Background and aims: There have been increasing reports of drug-induced Fanconi syndrome (FS) caused by sodium valproate (VPA). The onset mechanism is unclear. However, it has been recently reported that VPA can cause hypocarnitinemia, suggesting its involvement in dysfunction of the proximal renal tubules. In order to achieve early diagnosis, this study was conducted to elucidate the risk factors for development of VPA-induced FS.
Subjects and Methods: The subjects were 86 patients (4–48 years, 52 males) who were diagnosed with epilepsy and administered VPA. Patients with urine BMG/Cr levels above 210µg/gCr were treated as FS group (n=17), with all others treated as non-FS group (n=69), and the patient backgrounds and laboratory findings were compared between them.
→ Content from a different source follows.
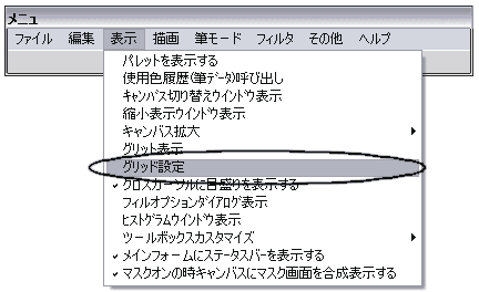 グリッドの設定を行うにはメニュの表示の「グリッド設定」をクリックします。

Results: There was no difference in age, gender, duration of administration, blood VPA concentration or serum Cystatin-C levels. However, there were more patients who are bedridden, having enteral nutrition and much anticonvulsant in the FS group. Also, in examination values, we found depressed serum uric acid levels (FS vs. non-FS median value: 2.3 vs. 5.1mg/dl, p<0.0001), serum phosphorus levels (3.5 vs. 4.0mg/dl, p=0.028), serum creatinine levels (0.34 vs. 0.51mg/dl, p=0.00018) and serum free carnitine levels (29 vs. 44.6µmol/L, p=0.0012). A multivariate analysis found that free carnitine levels were significantly lower, and bedridden patients were significantly higher in the FS group.
Conclusions: In bedridden patients with reduced serum free carnitine concentration, the risk of developing to VPA-induced FS is significantly high. Therefore, blood free carnitine levels and urinary BMG/Cr levels should be monitored.